Rails 3 string contains HTML code need to loop through the code in string

I am working on the rails 3 application where i need to pass the html code in to the string variable and pass it to the web services as parameter.
I have the following code with the loop inside but since it is declare in to the string it is not working with the <%%> and #{} tag
#emaildata = "<H3>FLOOR VIEW ACTION REQUEST</H3>
<table border='0' cellspacing='4'>
<tr>
<td>Submitted On:</td>
<td align='left'><strong>#{Date.today}</strong></td>
</tr>
<tr>
<td> Originator: </td>
<td align='left'><strong>#{session[:user_name]}</strong></td>
</tr>
</table>
<table border=0 width=100%>
<tr bgcolor='##006699'>
<td align='center'><font color='##FFFFFF'><strong>ACTION CODE</strong></font></td>
<td align='center'><font color='##FFFFFF'><strong>PART<BR />NUMBER</strong></font></td>
<td align='center'><font color='##FFFFFF'><strong>LOCATION</strong></font></td>
<td align='center'><font color='##FFFFFF'><strong>BIN QTY</strong></font></td>
<td align='center'><font color='##FFFFFF'><strong>PACK QTY</strong></font></td>
<td align='center'><font color='##FFFFFF'><strong>UM</strong></font></td>
<td align='center'><font color='##FFFFFF'><strong>SCAN CODE</strong></font></td>
<td align='center'><font color='##FFFFFF'><strong>REASON / COMMENTS</strong></font></td>
</tr>
<% (1..PartNoListInEmail.length).each_index do |i|%>
<tr bgcolor='##E0E5E5'>
<td align='center'>#{#ActionCodeListInEmail[i]}</td>
<td align='center'>#{#PartNoListInEmail[i]}</td>
<td align='center'>#{#SendToListInEmail[i]}</td>
<td align='center'>#{#OrderQtyListInEmail[i]}</td>
<td align='center'>#{#PackQtyListInEmail[i]}</td>
<td align='center'>#{#UMListInEmail[i]}</td>
<td align='center'>#{#ScancodeListInEmail[i]}</td>
<td align='center'>#{#reasonForActionIn[i]}</td>
</tr>
<%end%>
</table>"
Please help me .
Save your html as partial as a html.erb
#emaildata = "<%= escape_javascript(render :partial=>'some_partial_name', :locals => {:PartNoListInEmail => #PartNoListInEmail}).html_safe %>"

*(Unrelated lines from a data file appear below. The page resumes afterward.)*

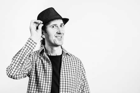 Happy man wears retro hat. Nerd smiling and looking to camera. Male fashion, lifestyle. Copy space.
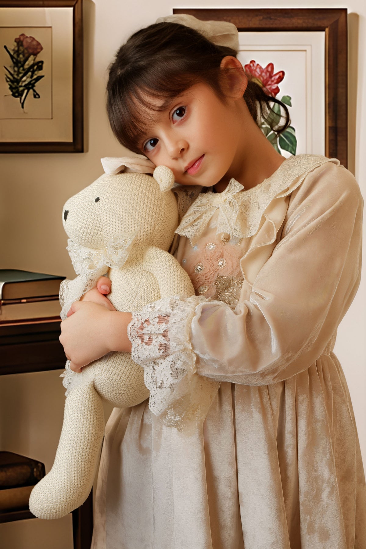 Introducing Teddy Tales & Childhood Trails a winter edit born from slow mornings, muddy shoes, warm hugs, and the quiet magic of growing up. Inspired by the simple joys of childhood, this collection feels like a walk down familiar paths holding your favourite teddy close, chasing stories only little hearts believe in, and finding comfort in every layer you wear. Soft velvets, cozy textures, and winter-ready fabrics wrap each piece in warmth, while thoughtful details add a touch of charm without taking away from the innocence.
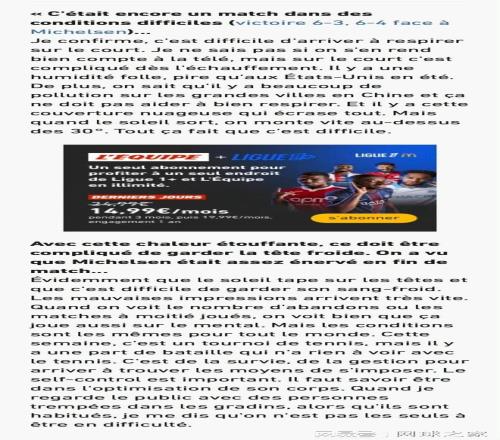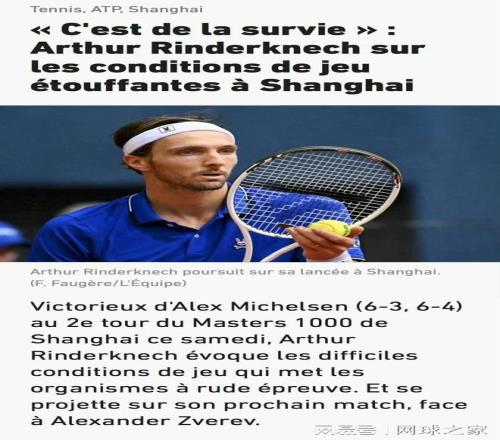 昨天,在上海大师赛第二轮以6-3 6-4击败米克尔森后,法国选手林德克内希在接受《队报》采访时评价上海的湿热天气,并吐槽中国大城市污染严重。

For combining strings with HTML, you want to use a template system like Erb or Haml. If you don't intend to immediately render the template back to a browser, you can still use Erb to do this by calling Erb directly, having it parse the HTML string and variables and return the result as a string.

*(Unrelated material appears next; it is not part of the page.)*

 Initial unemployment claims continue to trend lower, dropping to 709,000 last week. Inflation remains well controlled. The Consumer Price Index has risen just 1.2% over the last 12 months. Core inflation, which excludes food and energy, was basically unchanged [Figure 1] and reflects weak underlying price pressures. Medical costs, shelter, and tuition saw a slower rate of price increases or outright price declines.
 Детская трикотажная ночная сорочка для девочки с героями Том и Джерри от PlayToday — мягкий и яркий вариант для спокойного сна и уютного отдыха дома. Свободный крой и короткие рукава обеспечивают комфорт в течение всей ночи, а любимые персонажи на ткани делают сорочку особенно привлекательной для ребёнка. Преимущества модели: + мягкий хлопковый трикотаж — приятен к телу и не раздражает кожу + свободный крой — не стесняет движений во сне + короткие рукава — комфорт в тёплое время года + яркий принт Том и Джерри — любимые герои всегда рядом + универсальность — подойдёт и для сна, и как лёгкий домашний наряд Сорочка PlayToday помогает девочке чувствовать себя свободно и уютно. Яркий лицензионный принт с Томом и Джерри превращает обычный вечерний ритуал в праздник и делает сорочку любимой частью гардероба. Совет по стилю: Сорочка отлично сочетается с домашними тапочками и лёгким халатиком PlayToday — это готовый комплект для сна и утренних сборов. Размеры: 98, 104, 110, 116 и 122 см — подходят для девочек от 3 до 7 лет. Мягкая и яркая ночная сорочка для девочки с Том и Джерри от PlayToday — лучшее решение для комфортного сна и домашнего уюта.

Once you go down this road, be extra careful of user provided content and escape anything untrustworthy. When you render erb templates normally in rails, rails does a fair amount of work for you to avoid these sorts of problems, but once you do something like what your example showed, or if you use Erb directly to parse it, you no longer benefit from Rails' safety checks, and therefore will need to put in your own checks.